Exercise:
The whole listing should come back exactly as written, except for the pictures.

··· Dataset extract ···

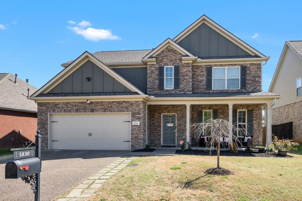 This spacious 5 bedroom, 3.5 bath house is perfect for your large family! Open floor plan with primary bedroom downstairs, 4 bedrooms upstairs with a large bonus room and 2 full bathrooms. TWO LAUNDRY ROOMS! Large walk in pantry with updated shelving. Great front porch and patio area to enjoy grilling this summer! Sidewalks throughout the neighborhood makes family walks and bike rides a breeze. Community pool, green spaces, and pond. Community events and food trucks give the family tons to do within walking distance. TRIPLE STEWARTS SCHOOLS!
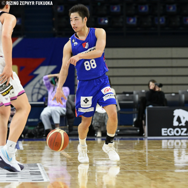 試合開始から#88 重冨(周)が積極的にゴールにアタックし、福岡のオフェンスにリズムを与える。#0 ジョーダンのミドルシュート、#55 ビバリーの3ポイントシュートで得点を重ねていくも、GAME1同様、福島のテンポの良いオフェンスを止めることができない。
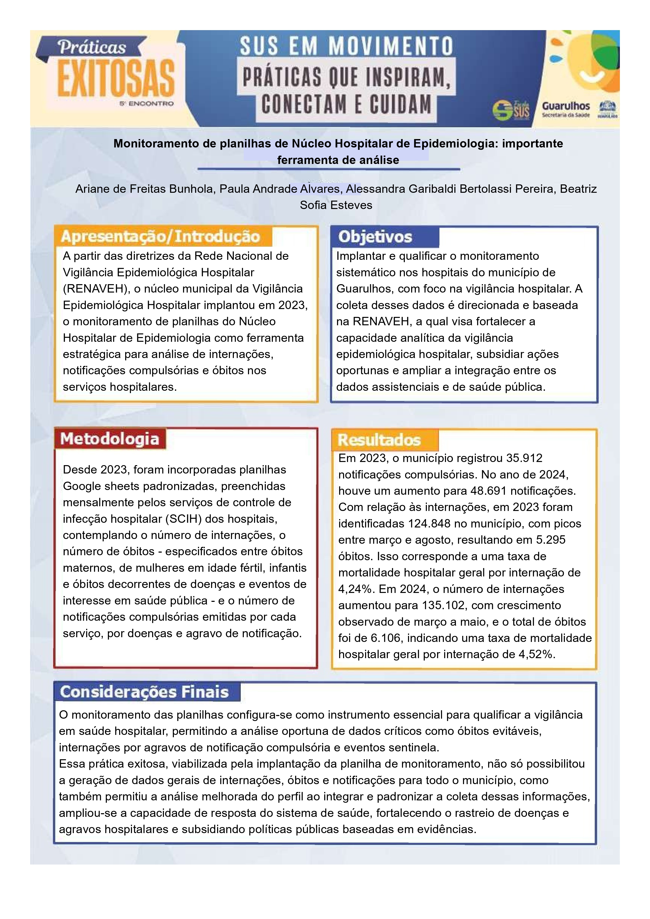 | Monitoramento de planilhas de Núcleo Hospitalar de Epidemiologia: importante ferramenta de análise | Ariane de Freitas Bunhola; Paula Andrade Alvares, Alessandra Garibaldi Bertolassi Pereira, Beatriz Sofia Esteves. | |

···

Response to this exercise:
 This spacious 5 bedroom, 3.5 bath house is perfect for your large family! Open floor plan with primary bedroom downstairs, 4 bedrooms upstairs with a large bonus room and 2 full bathrooms. TWO LAUNDRY ROOMS! Large walk in pantry with updated shelving. Great front porch and patio area to enjoy grilling this summer! Sidewalks throughout the neighborhood makes family walks and bike rides a breeze. Community pool, green spaces, and pond. Community events and food trucks give the family tons to do within walking distance. TRIPLE STEWARTS SCHOOLS!
 試合開始から#88 重冨(周)が積極的にゴールにアタックし、福岡のオフェンスにリズムを与える。#0 ジョーダンのミドルシュート、#55 ビバリーの3ポイントシュートで得点を重ねていくも、GAME1同様、福島のテンポの良いオフェンスを止めることができない。
 | Monitoramento de planilhas de Núcleo Hospitalar de Epidemiologia: importante ferramenta de análise | Ariane de Freitas Bunhola; Paula Andrade Alvares, Alessandra Garibaldi Bertolassi Pereira, Beatriz Sofia Esteves. | |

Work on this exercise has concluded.